LB: “Whee! Whee! Mommy, whee!”

Captain, turning again toward the back: “Shut up.”

Northbound 48, 8:55 AM (or, At last!)

As I board, I greet one of my regular drivers.

Driver (grinning): “Hey, you’ve got priority, right?”

Me (grinning harder): “You noticed.”

No one’s offered me a seat yet, but these days (second trimester and feelin’ fine), I don’t really need one.

I look forward to the day when I’m big enough for a driver to make the bus kneel for me.

Eastbound 27, 2 PM

A twentysomething man and woman are preparing to get off. The man starts to count out their fares.

Twentysomething woman: “We don’t need all that. I’ve been paying 50 cents all my life. For real.
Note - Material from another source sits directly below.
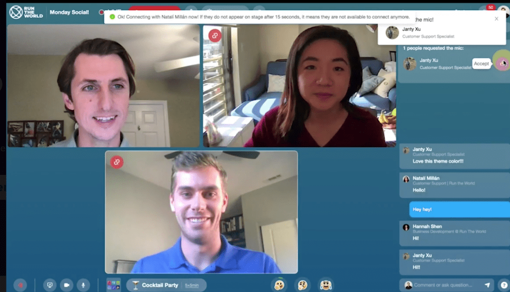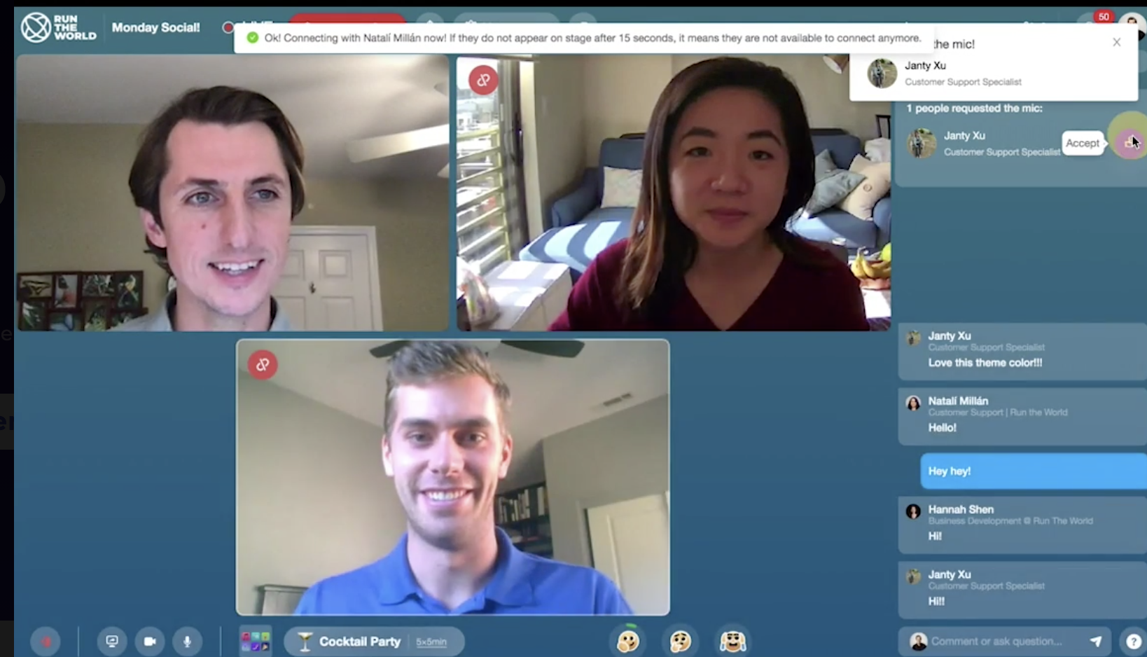 Main learning point: Forget about running your events through a Zoom call, products like Run The World now offer a usable and feasible way to run events at scale, and fully engage with your event attendees.

I’ll be 30 years old paying 50 cents–talking about, ‘I’m 16.'”

Northbound 48, 8:50 AM

Middle-school girl, to her friend: “That sign says Metro buses are fueled with veggie oil, but they’re lyin’, because if they [buses] were [fueled with vegetable oil], it would smell like French fries in here.
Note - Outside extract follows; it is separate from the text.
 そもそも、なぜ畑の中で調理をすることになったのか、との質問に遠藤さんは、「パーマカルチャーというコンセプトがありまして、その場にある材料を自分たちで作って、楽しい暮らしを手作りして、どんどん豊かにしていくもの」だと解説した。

Friend: “How do you know?”

MSG: “Oscar told me. Plus, I saw it on Pimp My Ride.”

Eastbound 14, 3:45 PM

High-school girl 1: “It’s a dinner. I’m getting in free or I wouldn’t be going. They called and asked if I wanted fish or chicken.”

HSG 2: “Fish!”

HSG 1: “Please! You don’t know what the fish looks like. You can’t just say ‘fish’ over the phone like that. Chick-en.”

Devil on the 2 bus

Today, after church, I hopped on the 2 and took a free, Earth Day ride downtown to meet my friend Aileen. Because it was early afternoon on a Sunday, many of my fellow riders–identifiable by their Bibles, fancy outfits, and “What did you think of Pastor So-and-so’s sermon?” conversations–were also coming from church.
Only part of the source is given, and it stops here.